---- Collected material

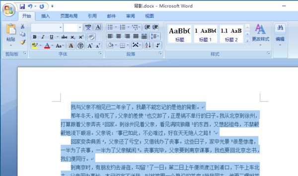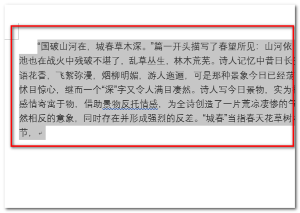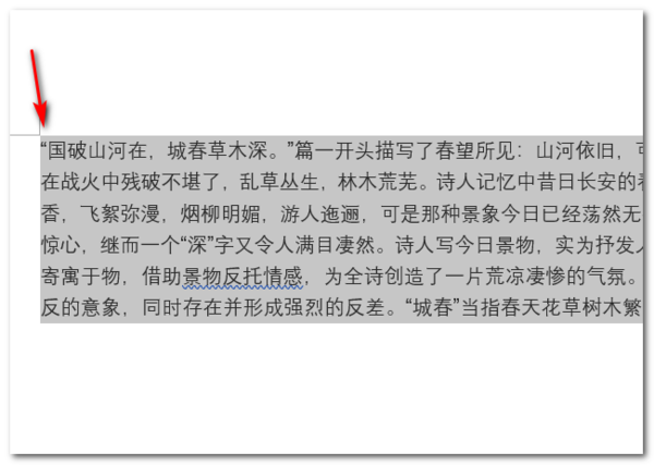 2、可以看到这段文字进行了“首行缩进”的格式,用鼠标左键框选住整段文字。
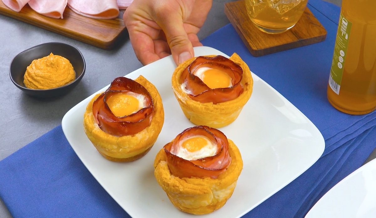 2.3 Coupez les tranches de jambon en deux et placez six d’entre elles à l’intérieur de la pâte feuilletée, les extrémités devant également se chevaucher. Déposez ensuite un œuf sur chaque mélange de pesto et de fromage frais.
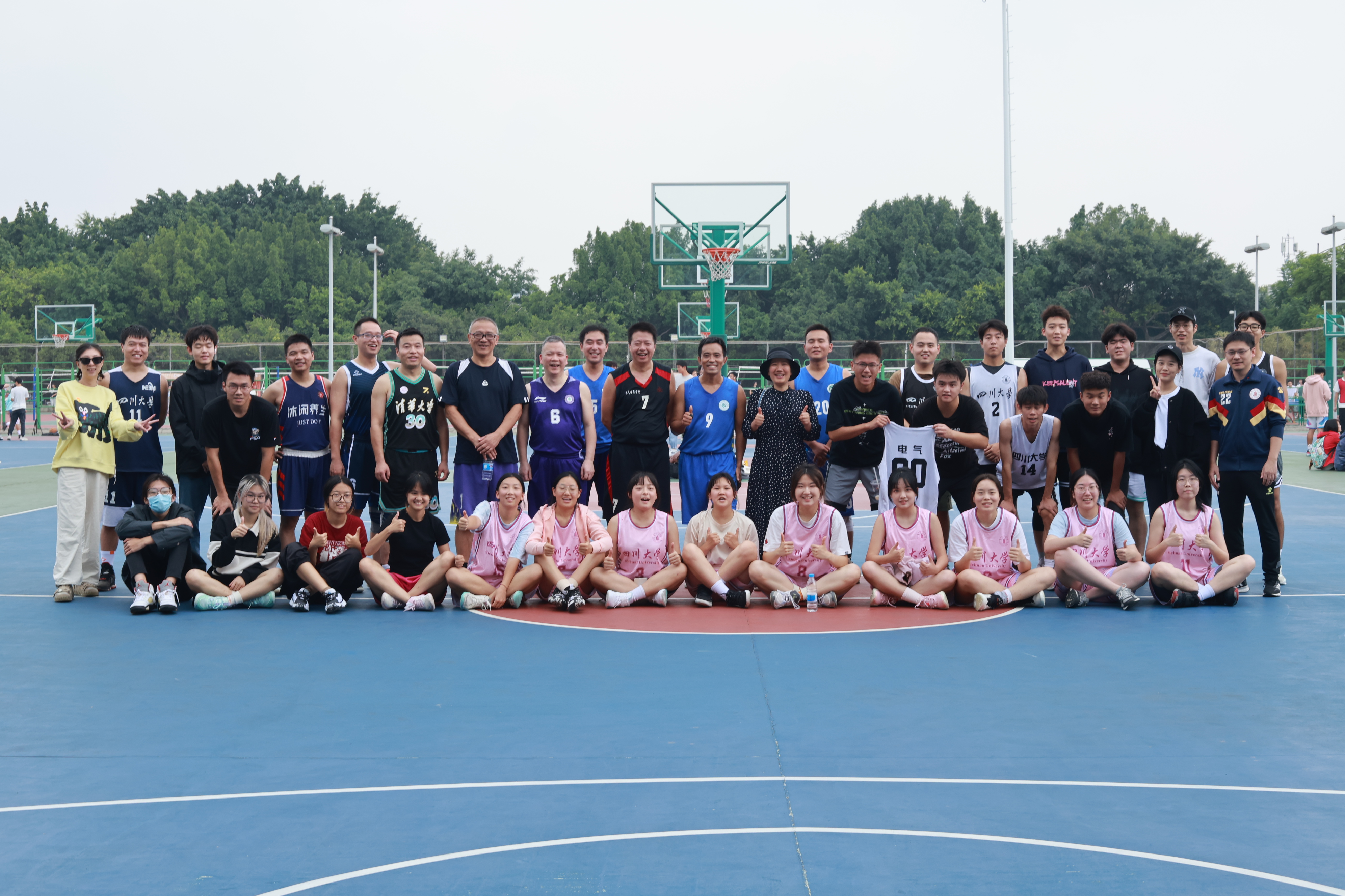 教师篮球队与男篮、女篮队员合影

--------

What the task asks -
Each line from the one that holds "2.3 Coupez les" through the end of the material should be repeated exactly, and nothing more. Leave out any picture.

Answer section -
 2.3 Coupez les tranches de jambon en deux et placez six d’entre elles à l’intérieur de la pâte feuilletée, les extrémités devant également se chevaucher. Déposez ensuite un œuf sur chaque mélange de pesto et de fromage frais.
 教师篮球队与男篮、女篮队员合影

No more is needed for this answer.